Dire pour soit dit. Mal dit. Dire désormais pour soi mal dit.

                                                                                               Cap au pire, Beckett.



 Là encore, le travail de la langue se ressent, même si Beckett est allé de 1- a- à 0 à la fin de sa vie, la pensée joue son tour : 1 b devient 1 a.


 Peut-on désajuster la variable ‘Travail littéraire’ ?


 Une proposition p = désajustement du travail littéraire.
 Par exemple, p serait vraie ‘toutes les fois que je ne me relis pas’.

  Relecture comme reprise, puis maîtrise du travail littéraire. La question n’est plus en l’occurrence, Comment ne pas se corriger ?, mais, Comment ne pas se reprendre ? Comment laisser aller l’écriture à vau-l’eau ? Sans retenue ? Pas même l’inconscient derrière tout cela. Aucun rythme, aucune pulsation, rien, 0.

         p serait vraie ‘toutes les fois que l’écriture n’est tenue par aucune logique, aucun rythme, aucune image, pas même d’angoisse. Rien, 0.

        Ce serait encore tenter de formuler l’impensable.
        En transformant la pensée en travail, l’écrivain a trouvé une matière impossible à tuer, fournissant un produit qu’il ne peut corroder.

        La pensée vit nuit et jour et poursuit sa tapisserie malgré Pénélope… À moins de ruser avec elle.





*







   




                                                                                                              … Des feuillets propres, sans tache, avec la langue qui trottine son bonhomme de chemin, comme une limace.                        - Regardez-la, cette luciole ! Qu’ils diront, mes lecteurs, après remise des feuillets,
(Car je suis une luciole)
                                                                                                          … comme elle brille ! Encore une sauvée des eaux in extremis, nouveau Moïse de l’atomisation sociale, électron libre chantant sa Rosa Mystica dans la nuit. - Comme il a bien macéré, le lapin !
(Je suis naturellement un lapin, maintenant)
                                                                                                          Quelques feuilles de laurier avant de le cuire et service sur table !

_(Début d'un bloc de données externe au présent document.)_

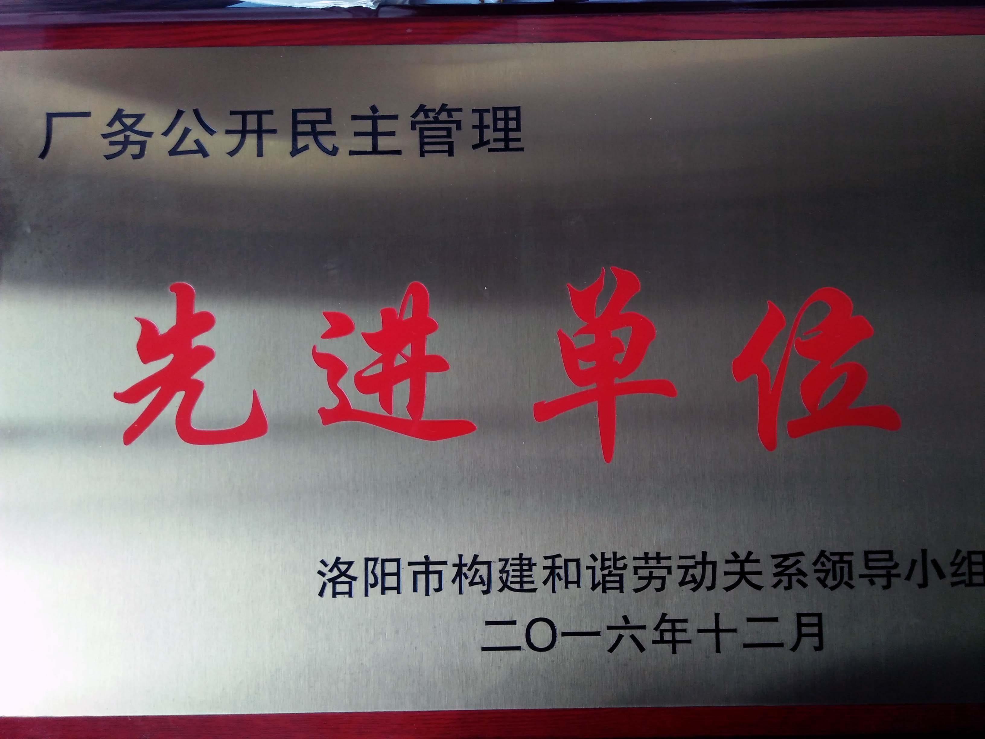 日前,洛阳市构建和谐劳动关系领导小组通过评审和社会公示,评选表彰了近年来在全市厂务公开民主管理工作中取得优异成绩的单位和个人,经过逐级评选推荐,我院被授予“厂务公开民主管理工作先进单位”荣誉称号。

    Et tu joueras le grand jeu dans leur assiette, oui, Guyotat, Noël ou Laborde, Nouveau Curé de la Paroisse Culture, en route pour Prébende.





 *








     Tes humeurs malignes sublimées dans le creuset du beau langage, plus seul, plus solipsiste pour un sou, non, mais réduit à communiquer souverainement ton verbe à qui veut l’entendre.






*




     Sur une pierre de marbre, le Seigneur passant par là dit : Apolline, que fais-tu là ? – Je suis ici pour mon chef, pour mon sang et pour mon mal de dents. – Apolline, retourne-toi. Si c’est une goutte de sang, elle tombera, si c’est un ver il mourra.

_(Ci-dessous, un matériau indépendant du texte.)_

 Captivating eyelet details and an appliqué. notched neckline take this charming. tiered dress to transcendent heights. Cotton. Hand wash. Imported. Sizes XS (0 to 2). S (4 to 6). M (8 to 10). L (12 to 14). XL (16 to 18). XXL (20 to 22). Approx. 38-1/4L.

     Depuis qu’on est tous à feu et à pot, communauté taisible et génération fauchée, il fallait bien qu’un ou deux jeteurs de sorts sortent en librairie. De plus en plus d’écrivains et de moins en moins de lecteurs ! Comment cela se fait-il ? Et tous, grands écrivains qu’ils sont, passant à la moulinette du flux tendu pour leur quart d’heure de célébrité.

   
     « Sorcier bigoutte, quand j’te vois j’te doutte. »

  

QU’ILS GARDENT LEUR DÉCHARGE MENTALE POUR EUX ET QU’ILS AILLENT TOUS AU DIABLE !

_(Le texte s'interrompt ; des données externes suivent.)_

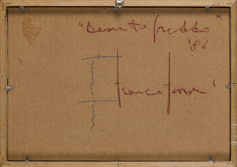 Doppia firma, titolo e datazione al retro del cartone protettivo

Au fond, l’ennuyeux, ce n’est pas qu’il y ait de plus en plus d’écrivains, filant la laisse et essuyant les plâtres, l’ennuyeux, c’est qu’ils avouent en être et qu’ils voient ça comme une situation. Il n’y a plus de silence, plus de secrets établis entre eux. Ils vivent au milieu des hommes avec la vague croyance d’une transparence établie au cours de leur pérégrination sur table, une macération du stylo rendant sa prière égrainée des heures durant, en pleine solitude. Mais, quand ils s’en sortent et qu’ils profèrent leur Hocus Pocus en public, on applaudit un tabou dévoilé/dévoyé depuis l’An Quarante et qui n’a même plus de teneur hermétique ou poétique. Ils sentent bien quelque fois que la véritable fin du travail littéraire est la libération d’un esprit, et ils sentent aussi qu’il faut davantage qu’un brûlot pour ce faire, mais ils croient que cette libération ne peut être que poétique et ils enferment leurs chimères dans des feuillets, plutôt que de se laisser posséder par elles. – Manque d’adorcisme.


Dommage...

Encore un effort, poètes, pour être un autre.